Task goal. Repeat the data as given. Images do not go in the copy.

Data block.
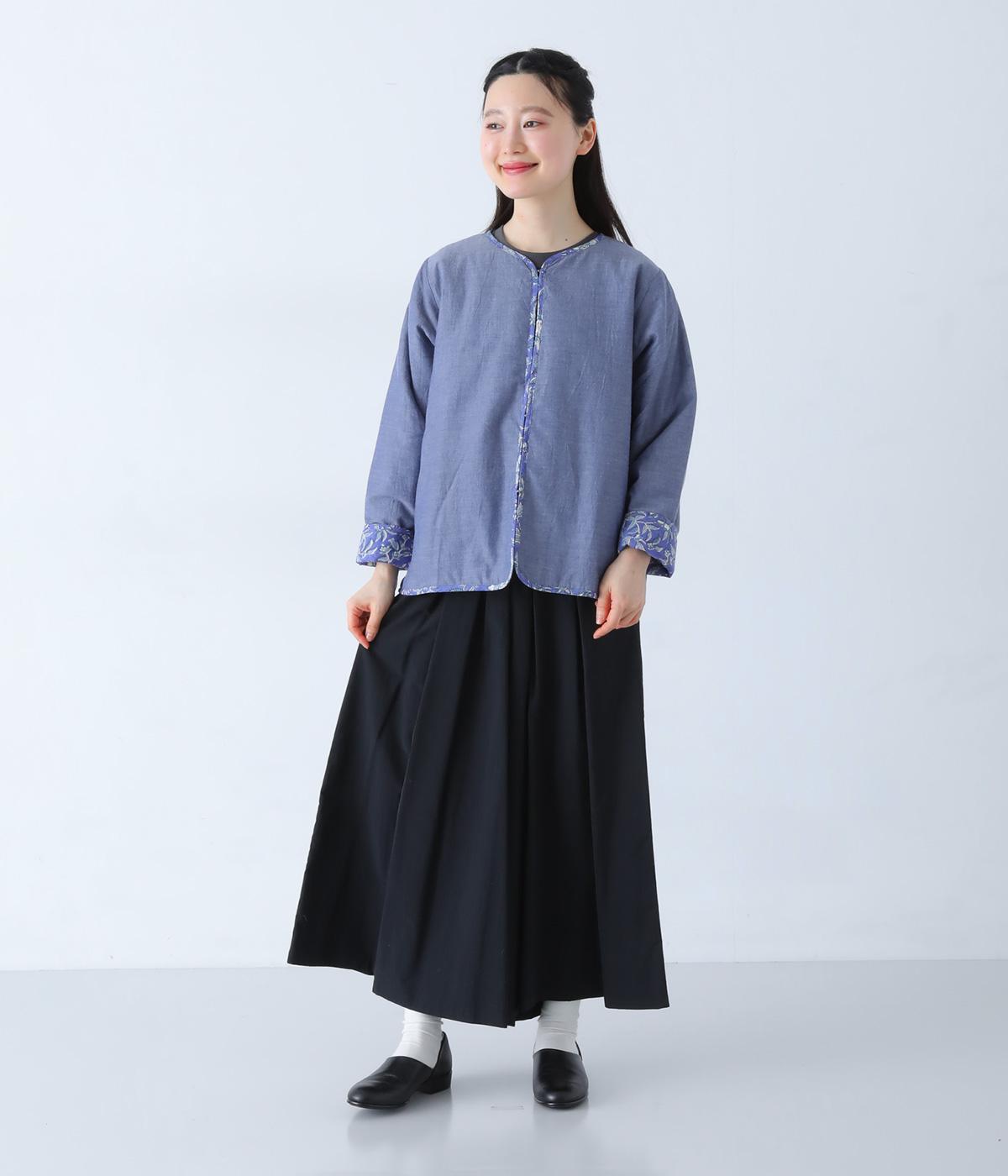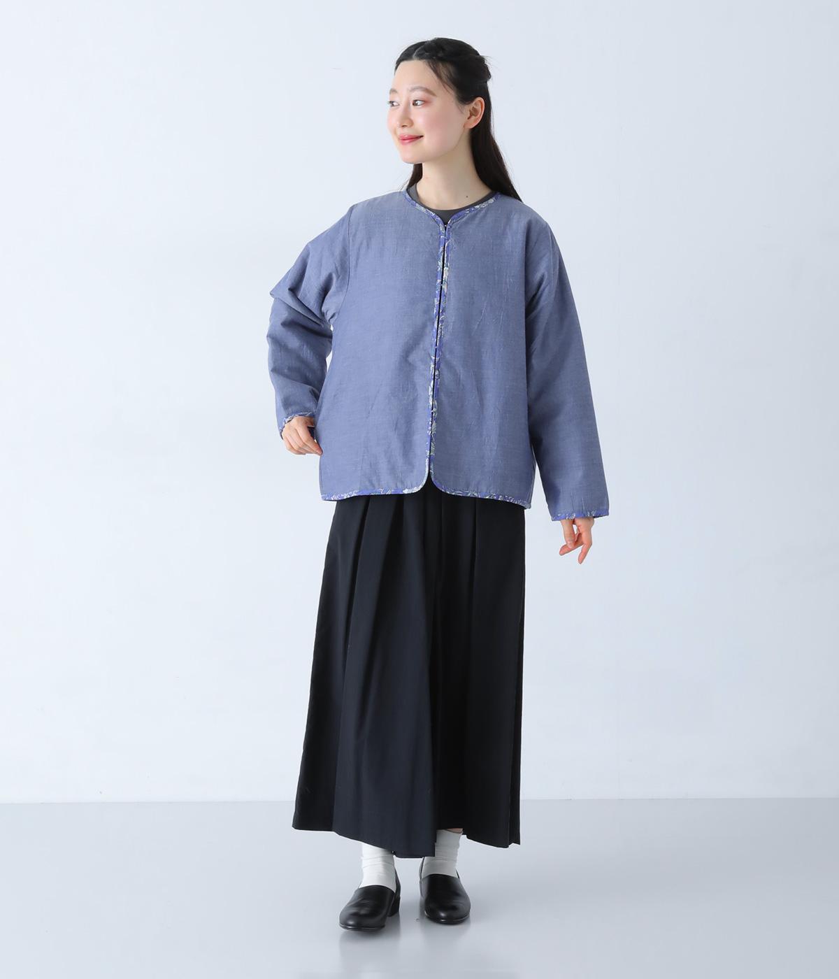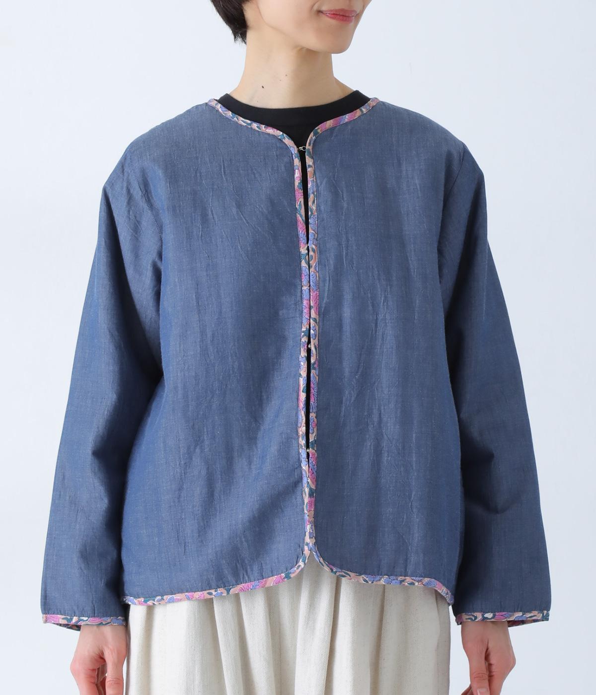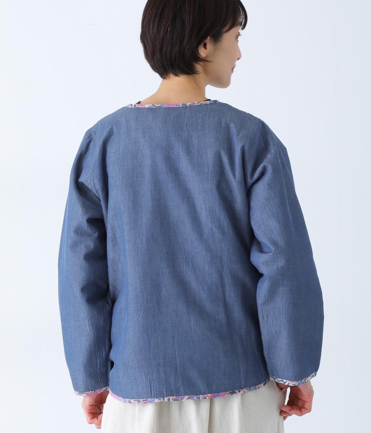 シンプルなシャンブレーと、華やかな草花モチーフのブロックプリントを合わせたリバーシブル仕様で、気分に合わせて2通りの着方が楽しめます。セットのバンダナと組み合わせることで、さらに幅広いアレンジが可能です。
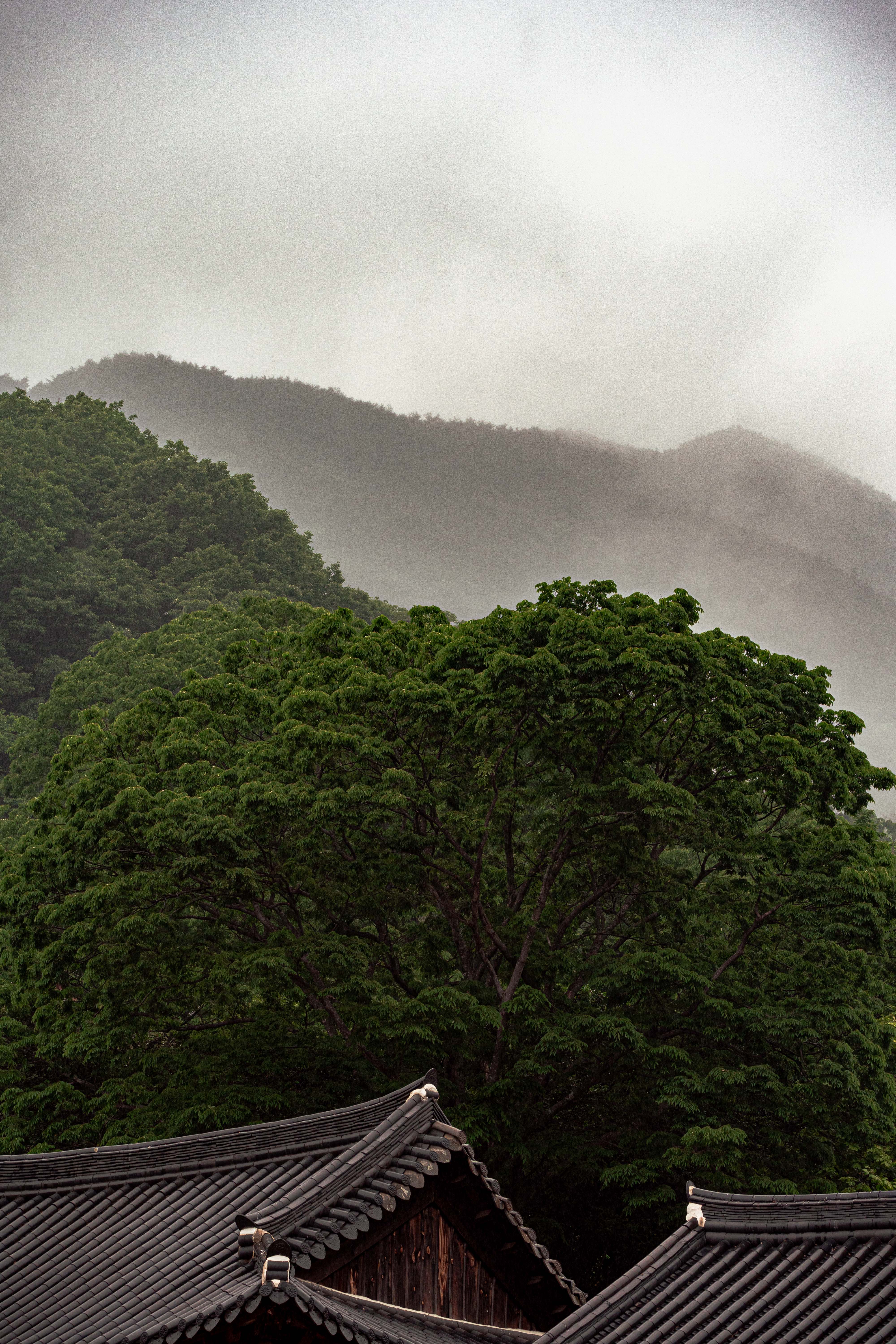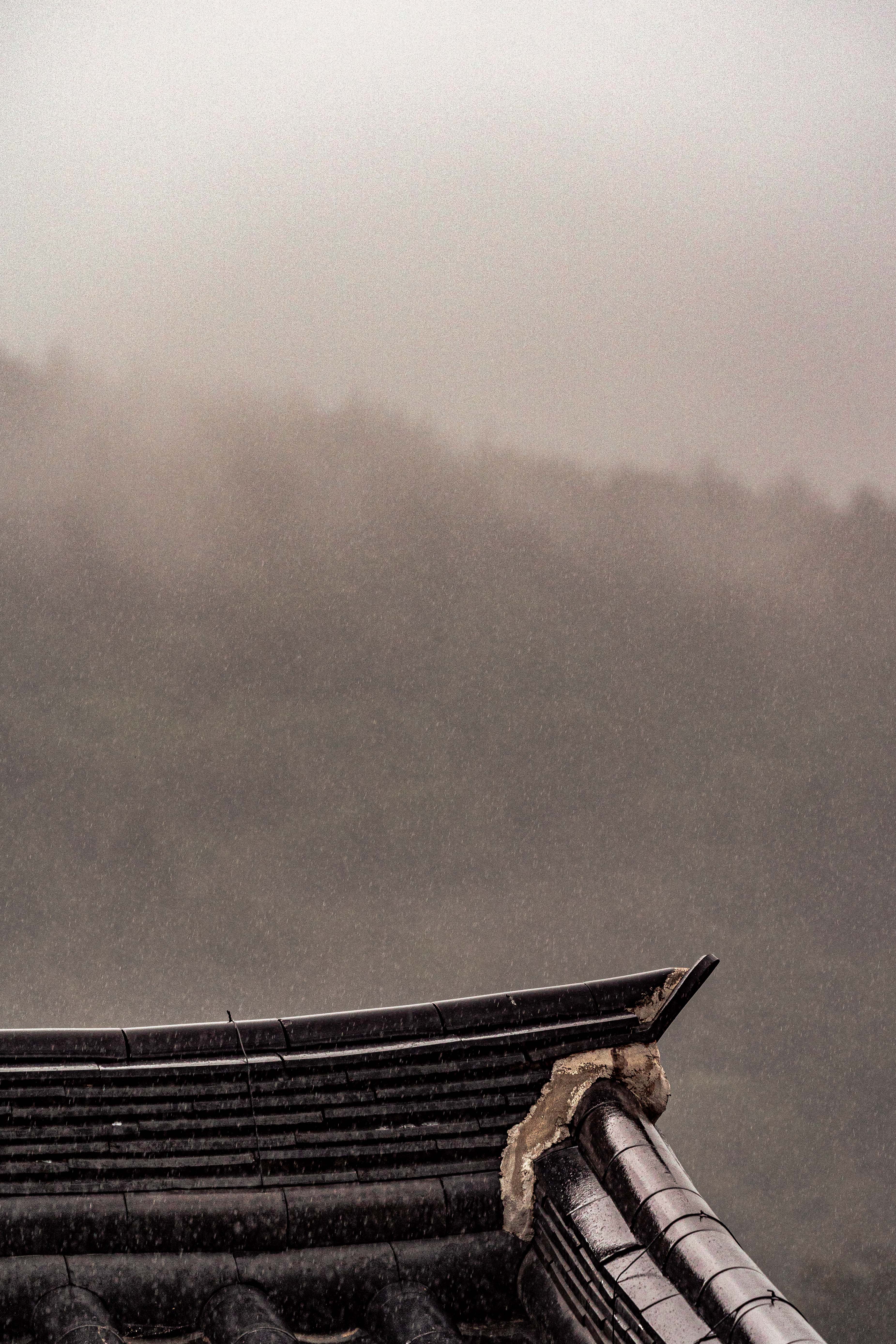 둘째날 화엄사에 들렀을 때는 소나기가 내렸다. 화엄사 처마 밑에 앉아 비 오는 풍경을 바라보며 멍 때리는 시간은 이번 여행에 가장 큰 여운을 남긴다. 비를 맞는 절의 냄새와 처마 너머로 보이는 안개 짙은 지리산의 풍경은 한없이 자신을 낮추게 한다. 아무 생각이 들지 않았고, 평화롭기도, 또는 음산하기도 하다.
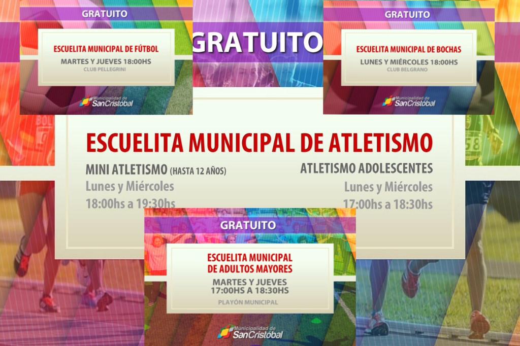 Comenzaron las escuelitas deportivas 9 abril, 2019 Bochas, Fútbol y Atletismo son las disciplinas que comenzaron con la actividad. Este año además, se anexa una escuelita de adultos mayores, debido a la masiva convocatoria que hubo en el proyecto «Verano en mi Ciudad».

Finished task.
 シンプルなシャンブレーと、華やかな草花モチーフのブロックプリントを合わせたリバーシブル仕様で、気分に合わせて2通りの着方が楽しめます。セットのバンダナと組み合わせることで、さらに幅広いアレンジが可能です。
 둘째날 화엄사에 들렀을 때는 소나기가 내렸다. 화엄사 처마 밑에 앉아 비 오는 풍경을 바라보며 멍 때리는 시간은 이번 여행에 가장 큰 여운을 남긴다. 비를 맞는 절의 냄새와 처마 너머로 보이는 안개 짙은 지리산의 풍경은 한없이 자신을 낮추게 한다. 아무 생각이 들지 않았고, 평화롭기도, 또는 음산하기도 하다.
 Comenzaron las escuelitas deportivas 9 abril, 2019 Bochas, Fútbol y Atletismo son las disciplinas que comenzaron con la actividad. Este año además, se anexa una escuelita de adultos mayores, debido a la masiva convocatoria que hubo en el proyecto «Verano en mi Ciudad».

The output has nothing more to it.